Bien que le mouvement des Gilets jaunes ne cesse de décroître, Emmanuel Macron a affirmé que la «crise» n’était «pas du tout» terminée. Depuis Bormes-les-Mimosas, il a constaté des «problèmes profondes» «liés à l’injustice, aux difficultés économiques».

Au 3e jour de ses vacances au fort de Brégançon, les journalistes ont interrogé le Président de la République sur la question des Gilets jaunes, dont l’acte 37 a été marqué par une attaque contre la permanence d’un député LREM à Perpignan.

«Je ne pense pas que ce soit une crise. Il y a des problèmes profonds dans notre pays qui sont liés à l’injustice, aux difficultés économiques qu’on connaît depuis très longtemps, aux défis qu’on a devant nous, liés au vieillissement, au numérique, à l’écologie… Je pense que ceci crée des peurs. Notre défi c’est d’y répondre. Et je ne crois pas du tout que ce qui a créé une colère sincère d’une partie de la population soit derrière nous», a-t-il déclaré.

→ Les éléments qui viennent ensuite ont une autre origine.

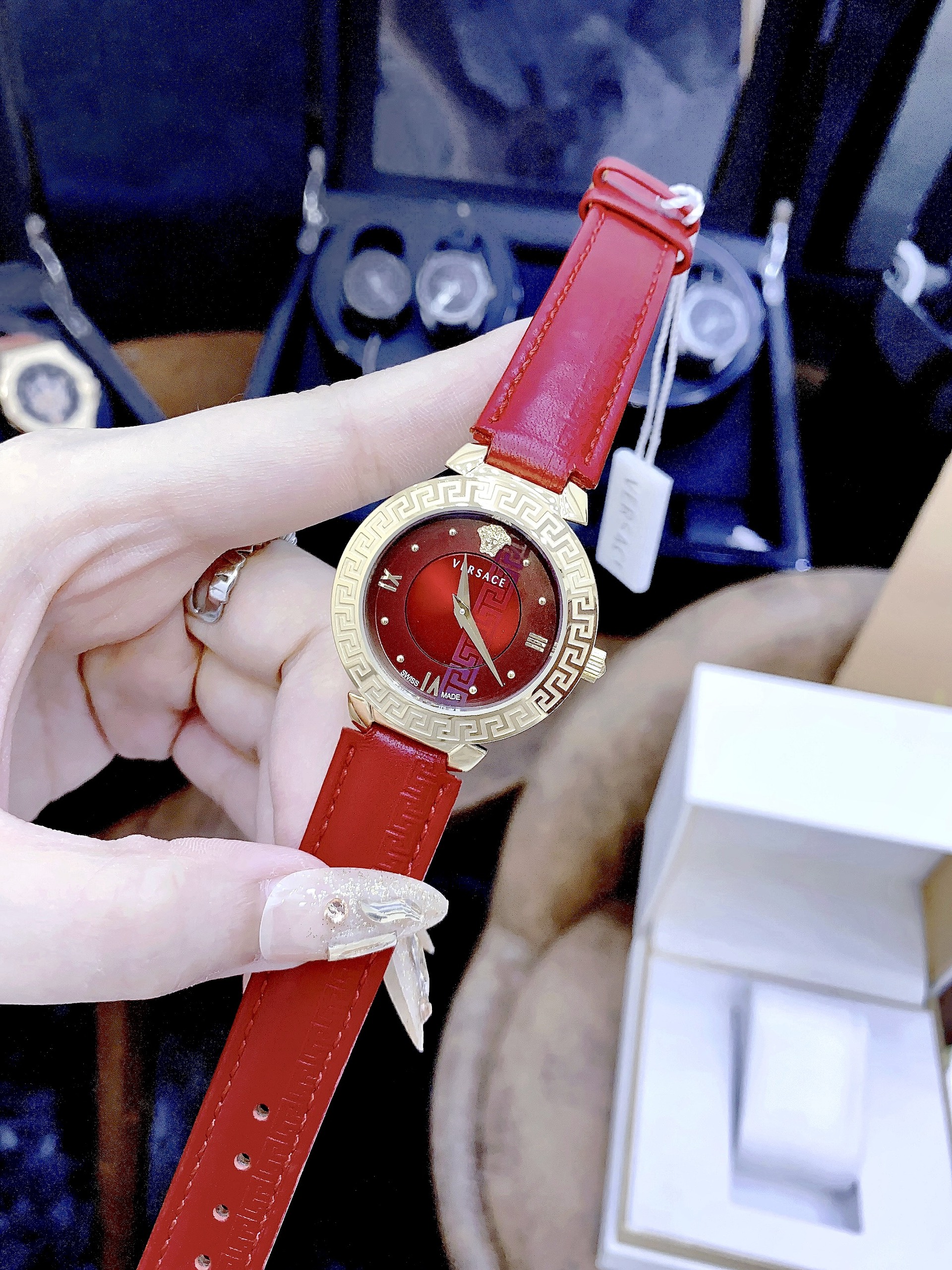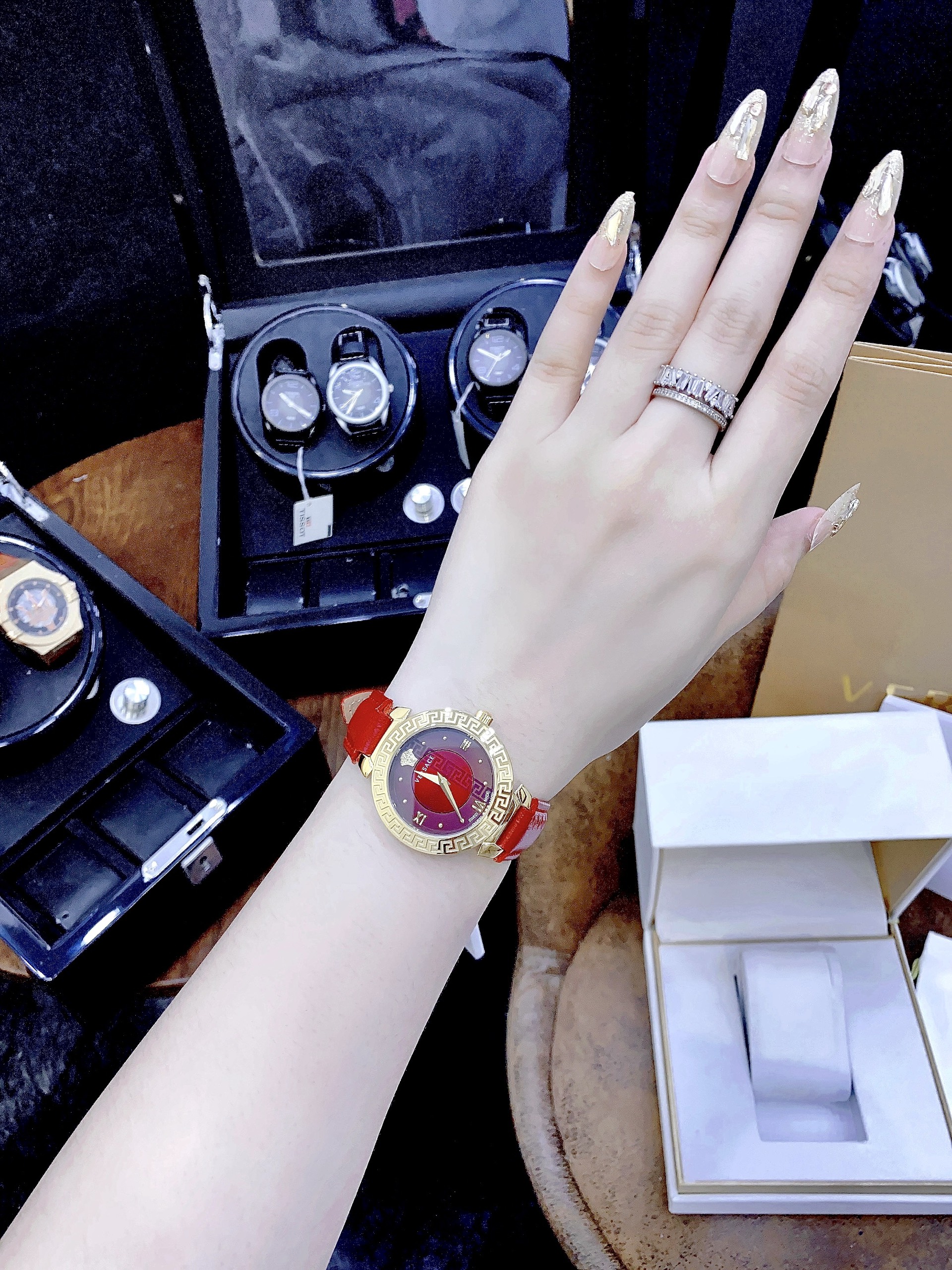 Đồng hồ nữ dây da màu đỏ Versace Daphnis like auth cao cấp 36mm

De plus, il a assuré continuer être «à la tâche» «avec beaucoup de détermination et d’humilité»: «Il faut redonner du sens à l’action. Il ne faut non pas chercher à éteindre les peurs mais redonner une perspective, un cap de ce qui est vivre ensemble entre Français de manière apaisée.»

Démission de Rugy

Également interrogé sur la démission de François de Rugy, M.Macron a mis en garde contre «les tweets, les polémiques, les invectives qui montent» et «parfois nous conduisent à agir et à surréagir», prônant «la modération».

Vacances à Brégançon

Depuis jeudi, le couple Macron se repose au fort de Brégançon bien que le Président de la République ait assisté aux funérailles de Béji Caïd Essebsi à Tunis.

Le 19 août, les Macron doivent recevoir Vladimir Poutine.